Aim of the task: Nothing but the lines from the one containing "日本刀と日本製鋼所M&Eの鍛" to the end of the data should be copied, exactly, and the pictures stay out.

Given data:
"""
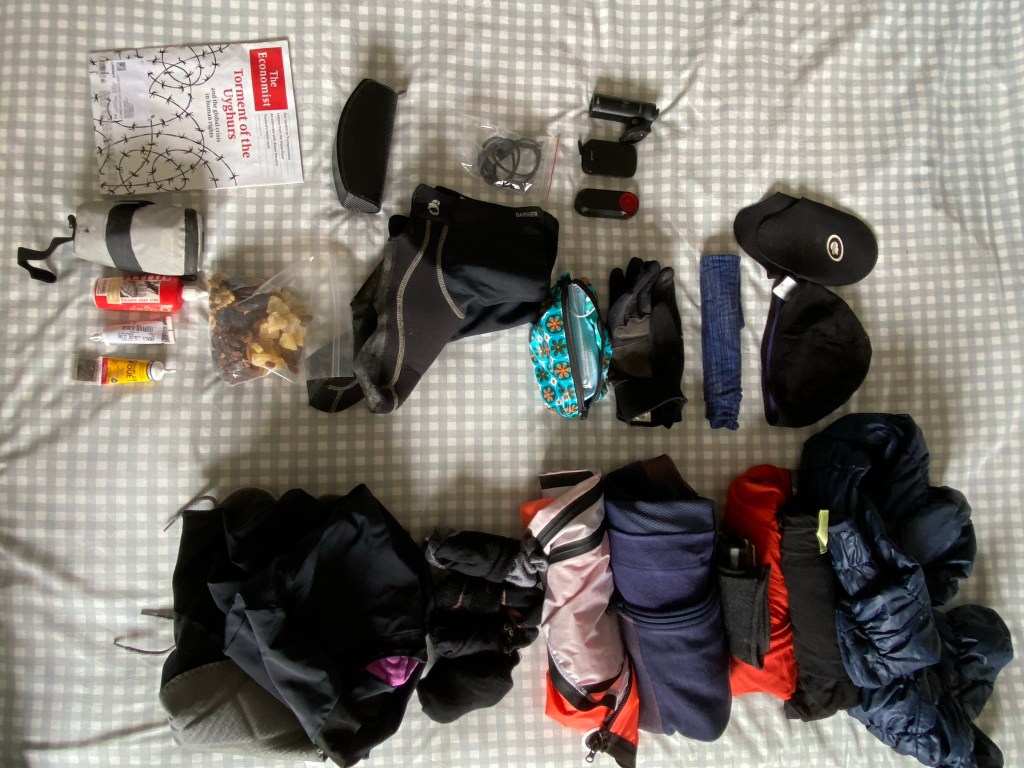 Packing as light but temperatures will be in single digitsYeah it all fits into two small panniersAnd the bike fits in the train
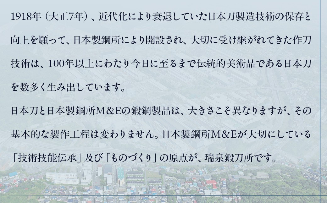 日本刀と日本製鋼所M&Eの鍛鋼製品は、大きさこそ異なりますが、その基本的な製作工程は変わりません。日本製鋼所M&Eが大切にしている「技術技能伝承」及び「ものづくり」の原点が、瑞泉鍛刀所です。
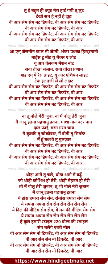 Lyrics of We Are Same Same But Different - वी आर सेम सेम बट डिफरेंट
"""
Response to this exercise:
 日本刀と日本製鋼所M&Eの鍛鋼製品は、大きさこそ異なりますが、その基本的な製作工程は変わりません。日本製鋼所M&Eが大切にしている「技術技能伝承」及び「ものづくり」の原点が、瑞泉鍛刀所です。
 Lyrics of We Are Same Same But Different - वी आर सेम सेम बट डिफरेंट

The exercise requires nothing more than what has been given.